Former Manchester United Goalkeeper Gary Bailey would have been at the centre of a campaign against Football hooliganism in the 1980’s according to documents released today under the thirty year rule.

Bailey would have been interviewed by the then Prime Minister Margaret Thatcher from Piccadilly Radio in Manchester, under proposals by her Press Secretary Bernard Ingham as part of a campaign called “Goalies against Hoolies” in a note sent to the Prime Minister in the summer of 1985.

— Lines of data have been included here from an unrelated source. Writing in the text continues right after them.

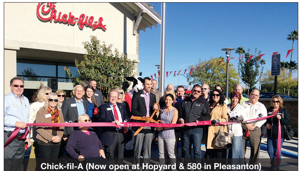
Chick-fil-A (Now open at Hopyard & 580 in Pleasanton)
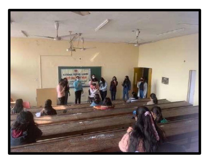
Glimpses of Street Play
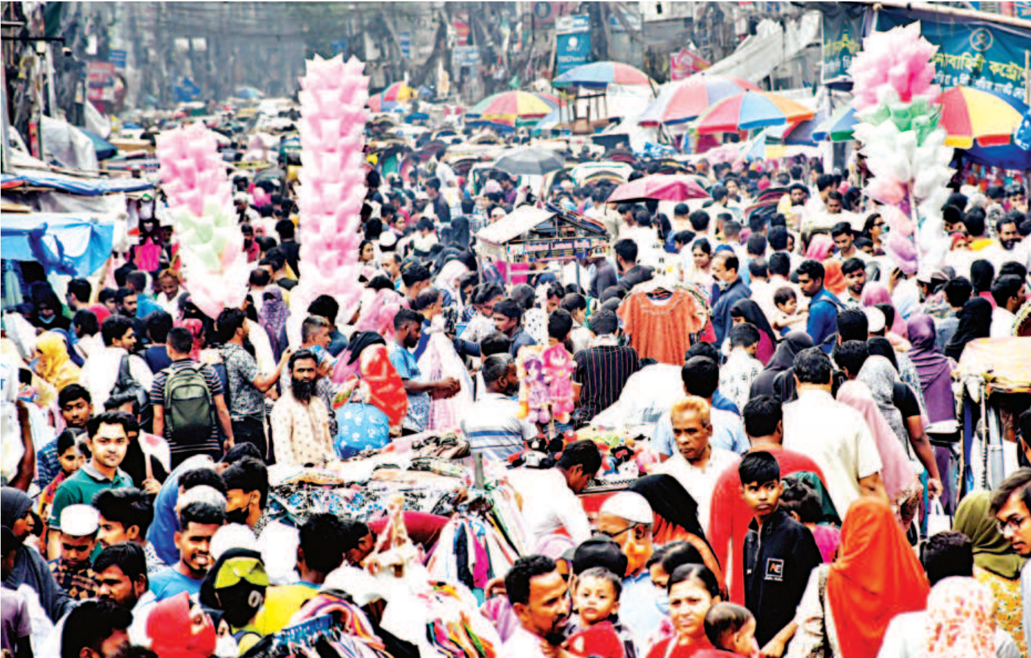
As Eid approaches, people are hurrying to complete the shopping for their families and friends. The photo was taken near the capital's Gausia Market yesterday where the entire street is full of shoppers and hawkers.
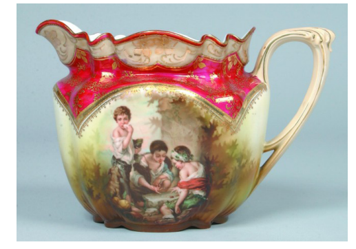
Lot 32 RS Prussia Cider Pitcher, 6.5"d.x 6"h., Mold 508 SOLD: $600
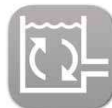
WET WELL CLEAN

Periodically cycles station to clear FOG and debris, eliminating 90+% of vactoring.
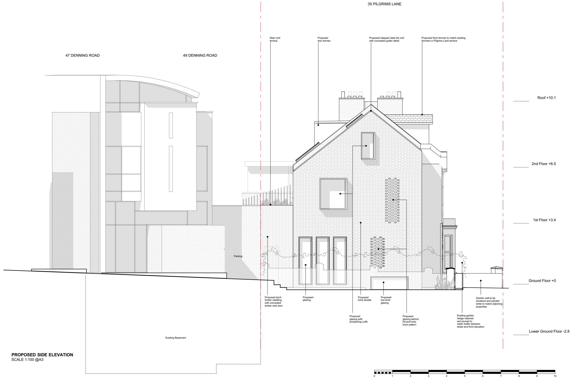
PROPOSED SIDE ELEVATION SCALE 1:100 @A3
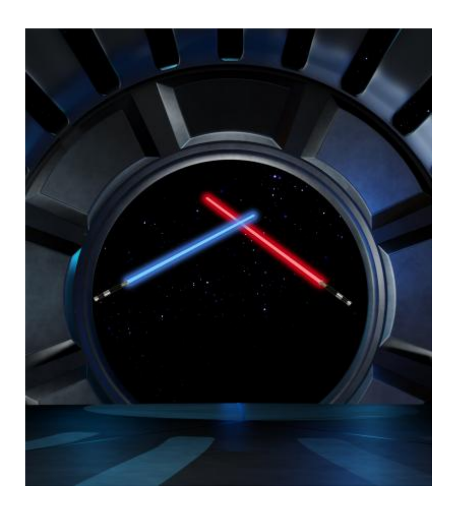
'Star Wars' Celebration
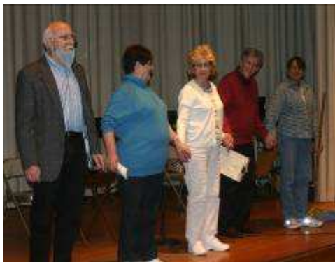
The Next Great Idea!
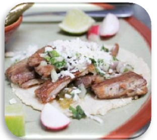
Lone Star Taco Bar

A handy guide for new Overdrive employees* on where to eat for lunch in Allston and nearby areas Bonus points for these restaurants: they offer delivery and/or take-out!
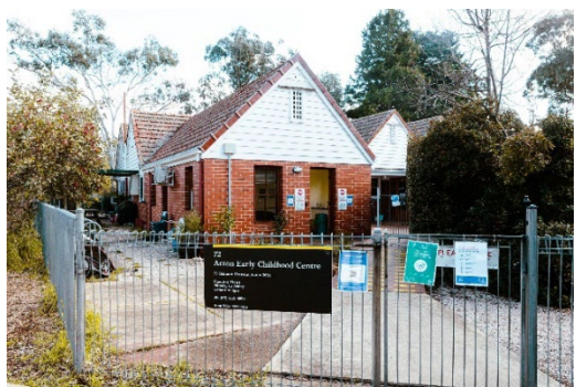
Acton Early Childhood Centre (Building 72)
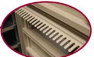
Aluminum comb prevents mail fishing in outgoing mail collection compartment
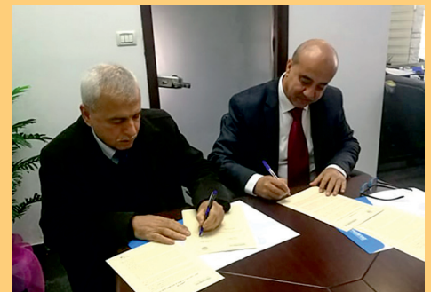
Figure 3: Signing-off on the Letter of Intent between UN-Habitat and LWSC. 8 January 2020.
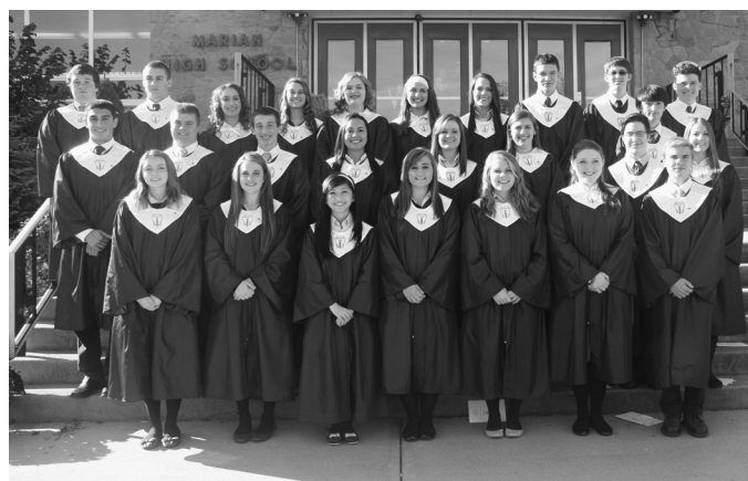
2013-2014 National Honor Society Inductees
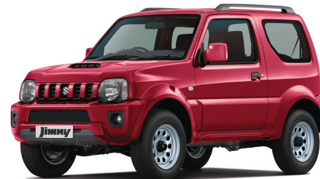
PHOENIX RED PEARL METALLIC*
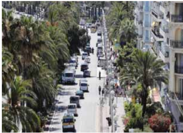
NICE: People stand behind a police barricade (right) set up at the site in Nice where a gunman smashed a truck into a crowd of revelers celebrating Bastille Day, killing at least 84 people.
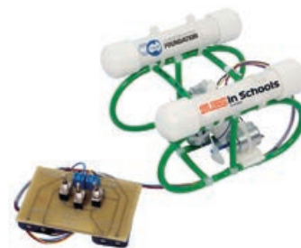
Level 1 - Mini ROV

Is designed for students in years 5-8 as an introduction to STEM and underwater vehicle operation. The task is to build and operate a Mini ROV with the focus being on learning the principles of buoyancy, propulsion and control. Small ROV model kits, together with instructions, are made available to the schools.
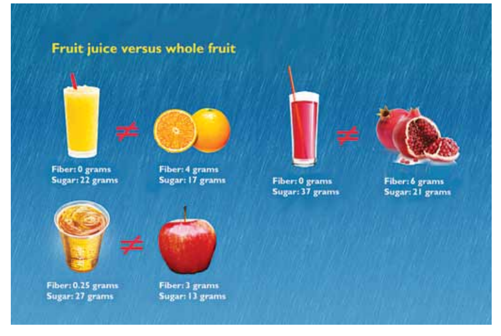
Fig. 2. Comparative differences of sugar and fiber concentration among fruit juice and whole fruit.

Fig. 1. Amounts of added sugar in various popular sugar-sweetened beverages. Note that the Starbucks beverage is a caramel macchiato, the most popular beverage at the Fruitville Pike Starbucks in Lancaster, Pa.
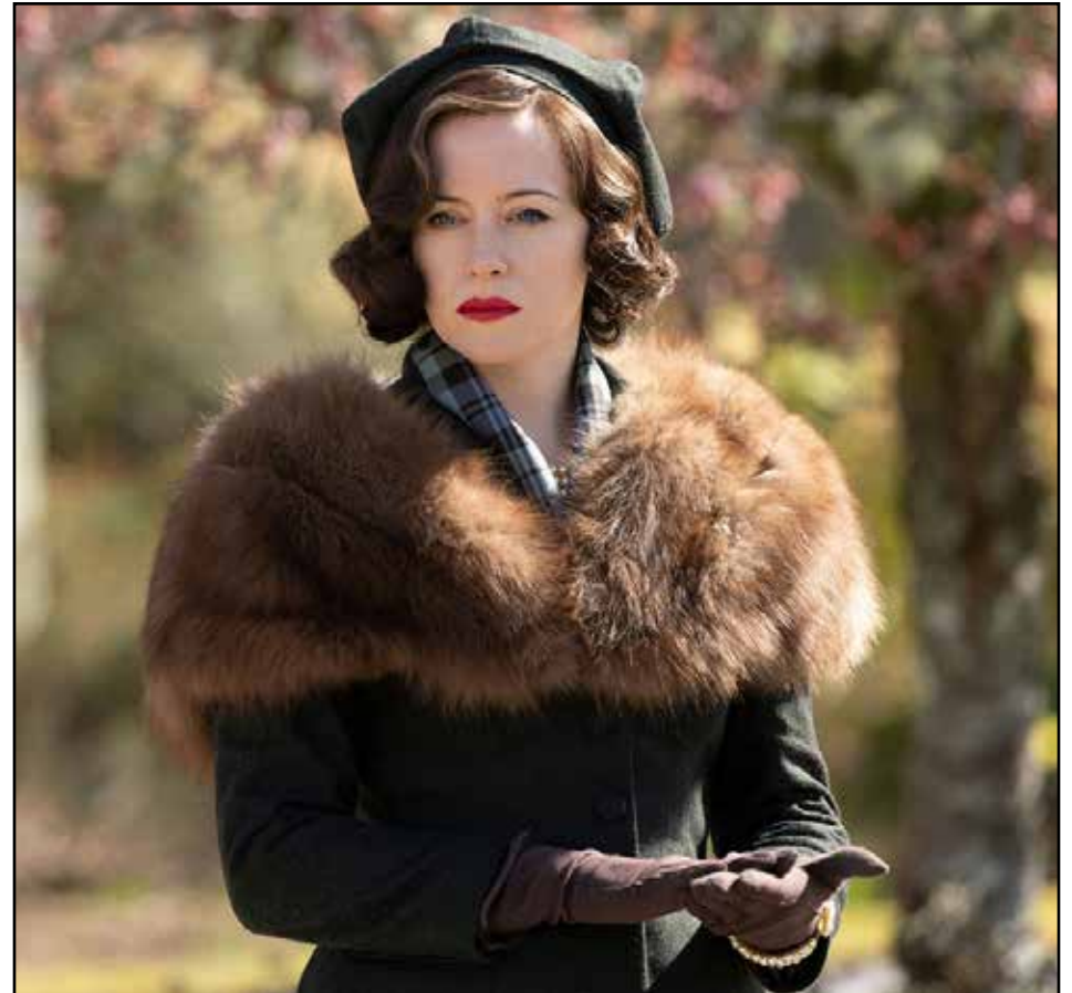
Claire Foy dazzled as the Duchess of Argyle on British TV at Christmas

Veteran journalist Andrew Neil was less impressed, tweeting: “Now seen all three
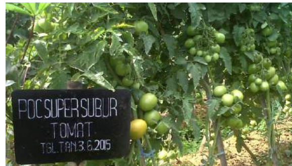
Figure 5a. Cow waste was converted and used as organic fertilizer; Figure 5b. Organic fertilizer resulted in higher production of tomato.

The conversion of farm waste into useable products had solved some environmental problems and gave additional income for the local farmers who produced waste products. The products made from farm waste include biofertilizer, casting, solid and liquid organic fertilizer, earthworms and animal herbal feed supplement. Even though several laboratory tests are still ongoing regarding efficiency and safety, local farmers in Pangalengan have produced products and sold them beyond Pangalengan area. The testimony gathered from the consumers (found at www.superjamu.com ) demonstrated significant impacts of products for crops and livestock.
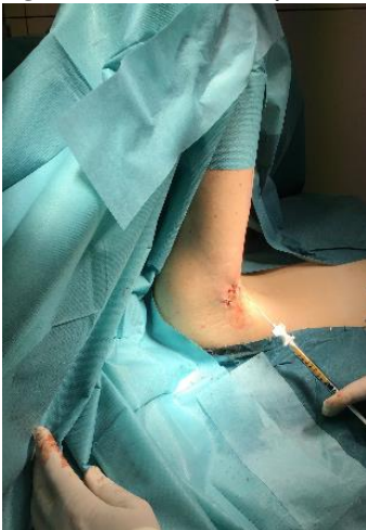
Figure 10: Case no. 3: Axillary fistula, infiltration of intra and peri fistular MFAT.
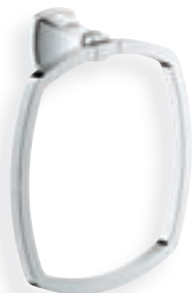
40 630 000 Towel ring
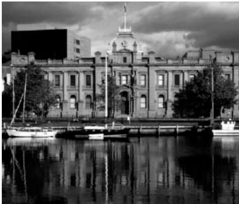
Top left: Q1995.129.36 Tasmanian Museum & Art Gallery showing detail of stone carvings on Customs House Top right: Q1995.129 Macquarie Street entrance, Tasmanian Museum & Art Gallery Above: Q1996.107 Tasmanian Museum & Art Gallery, Customs House Building in Davey Street with Constitution Dock in foreground
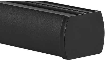
Honeycomb Box #18 Colour: Black Height: 99mm Width: 50mm
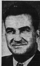
The Hon. J. Angus MacLean Queens County

will speak in Prince Edward Island on Thurs., Mar. 14th on behalf of these Conservative Candidates:
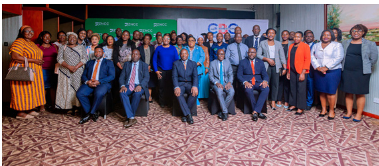
▲ CBC-in partnership with ZNCC during the hosting of the BizNet Workshop in Zimbabwe
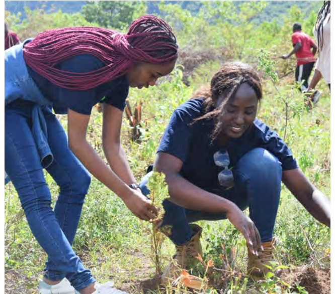
aak-GROW staff members participating in the tree planting event

The annual Forest Challenge convenes corporate organizations and individuals to raise funds for conservation through adventure sports. Funds raised through this initiative are channelled towards rehabilitation of the degraded forest areas in Mau and Aberdare forest ecosystems.
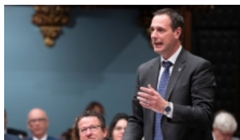
Quebec Education Minister Jean-Francois Roberge announced $2.3 billion Sept. 22 to help with renovations in the province's schools.
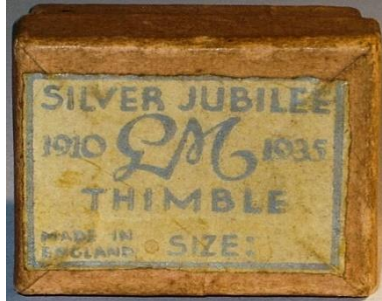
Silver Jubilee 1910-1935 King George V. Queen Mary. bust portraits Iles & Gomms nickel rolled rim box lettered: Silver Jubilee 1910 GM 1935 Thimble Made in England Size 2
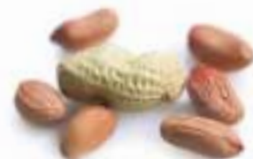
oriental pork meatballs with peanut sauce page 15
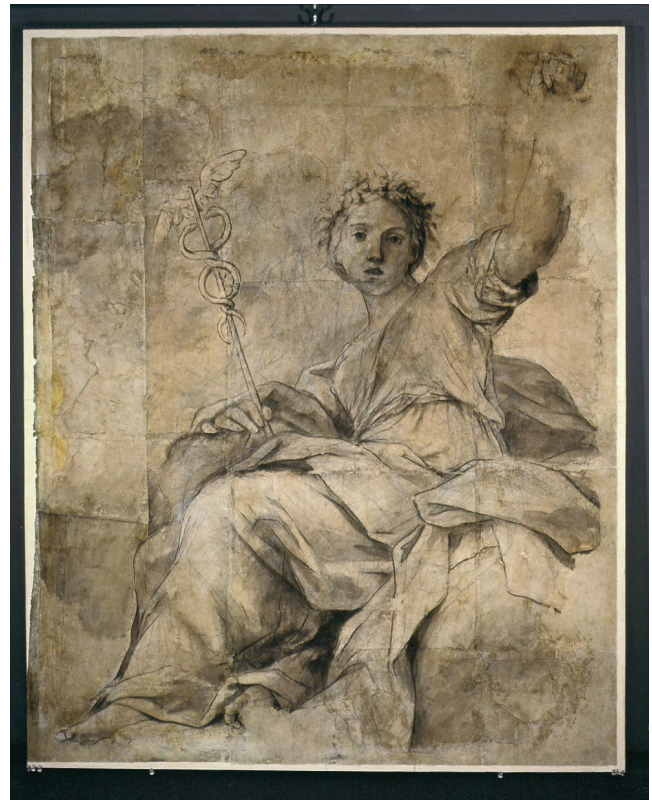
Fig. 8. Seventeenth-century Italian preparatory cartoon after treatment and mounting on a Japanese screen style panel
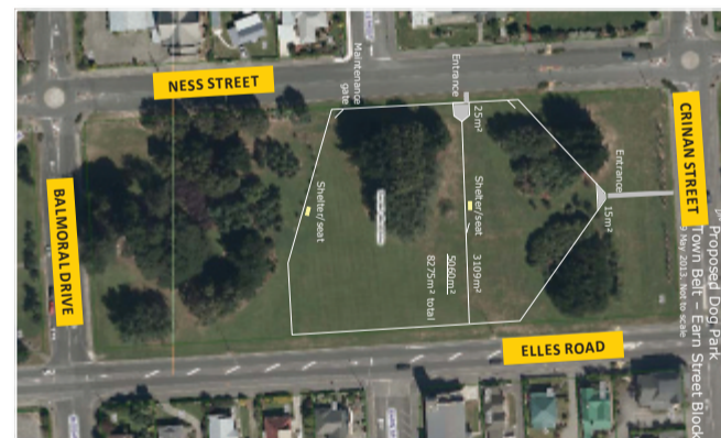
The outline of the dog park is shown by the white lines

We, and our canine friends, couldn't be happier!

Football hooliganism was rife at this time. The following season English clubs would be banned from Europe after Liverpool fans rioted at the European Cup Final and according to the note:

“A variant of, or added to, this is to try to organise the more articulate goalkeepers, who are often first in line of hooligan fire, to launch a campaign – ‘goalies against hoolies’. We are proposing you should give an interview to Gary Bailey, Manchester United and England goalkeeper, from Piccadilly Radio, Manchester – an interview which we should get networked. Bailey is an articulate graduate,” advised Ingham.

The papers released today also show of Mrs Thatcher’s worries about the introduction of new GCSE exams, fears about Michael Heseltine and his role in the Westland affair and how threats that civilisation would be devastated by “nuclear winter” after conflict with the Soviet Union were dismissed as scaremongering by the Home Office.